I could achieve this by drawing really huge plane, but if i move my camera off the ground to higher altitude, then i would start to see the plane edges, which i want to avoid being seen.
If this is even possible, i would prefer non-shader method.
Edit: i tried with the 4d coordinate system as suggested, but: it works horribly bad. my textures will get distorted even at camera position 100, so i would have to draw multiple textured quads anyways. perhaps i could do that, and draw the farthest quads with the 4d coordinate system? any better ideas?
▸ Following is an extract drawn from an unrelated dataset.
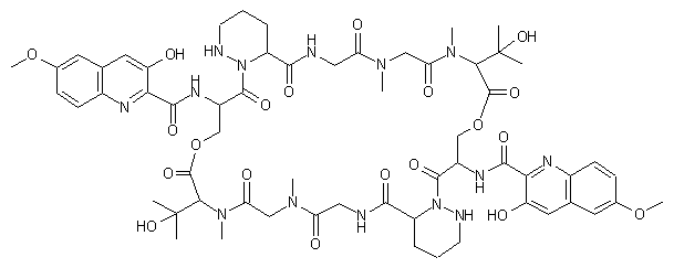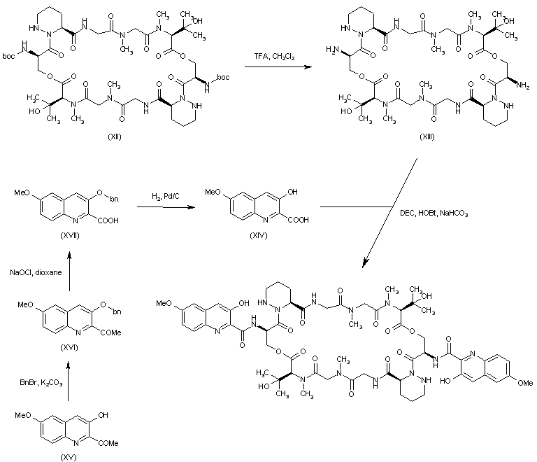 Boc groups of (XII) are cleaved with TFA in CH2Cl2 to furnish intermediate (XIII). Quinoline (XV) is protected with benzyl bromide and K2CO3 in acetone to give the benzyl-protected derivative (XVI), which is converted into the carboxylic acid (XVII) by treatment with NaOCl in dioxane. Debenzylation of (XVII) by hydrogenolysis over Pd/C in EtOAc yields intermediate (XIV), which finally acylates the primary amino groups in (XIII) by means of DEC, 1-hydroxy-1H-benzotriazole (HOBt) and NaHCO3 in DMF.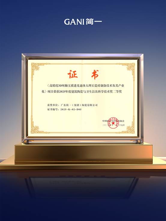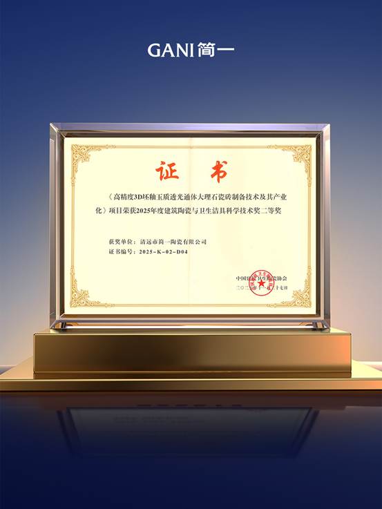 在科学技术类奖项中,清远市简一陶瓷有限公司与广东简一 (集团) 陶瓷有限公司联合申报的“高精度3D坯釉玉质透光通体大理石瓷砖制备技术及其产业化”项目,荣获 “建筑陶瓷与卫生洁具科学技术奖 - 二等奖”。该项目已通过权威科技成果鉴定,鉴定委员会认为其整体技术达到国际先进水平,其中高白度玉质透光制备技术更达到国际领先水平。项目凭借以下三大核心技术实现关键突破::

Edit2: for those who dont have a clue what opengl texture distortion is, here's example from the tests i did with 4d vertex coords:
(in case image not visible: http://img828.imageshack.us/img828/469/texturedistort.jpg )
note that it only happens when camera gets far enough, in this case its only 100.0 units away from middle! (middle = (0,0) where my 4 triangles starts to go towards infinity). usually this happens around at 100000.0 or something. but with 4d vertices it seems to happen earlier for some reason.
You cannot render an object of infinite size.
You are more than likely confusing the concept of projection with rendering objects of infinite size. A 4D homogeneous coordinate who's W is 0 represents a 3D position that is at infinity relative to the projection. But that doesn't mean a point infinitely far from the camera; it means a point infinitely close to the camera. That is, it represents a point who's Z coordinate (before multiplication with the perspective projection matrix) was equal to the camera position (in camera space, this is 0).
See under perspective projection, a point that is in the same plane as the camera is infinitely far away on the X and Y axes. That is the nature of the perspective projection. 4D homogeneous coordinates allow you to give them all finite numbers, and therefore you can do useful mathematics to them (like clipping).
4D homogeneous coordinates do not allow you to represent an infinitely large surface.
Drawing an infinitely large plane is easy - all you need is to compute the horizon line in screen coordinates. To do so, you have to simply take two non-collinear 4D directions (say, [1, 0, 0, 0] and [0, 0, 1, 0]), then compute their position on the screen (by multiplying manually with the view-matrix and the projection matrix, and then clipping into viewport coordinates. When you have these two points, you can compute a 2D line through the screen and clip it against it. There, you have your infinity plane (the lower polygon). However, it is difficult to display a texture on this plane, because it would be infinitely large. But if your texture is simple (e.g. a grid), then you can compute it yourself with 4D coordinates, using the same schema like above - computing points and their corresponding vanishing point and connecting them.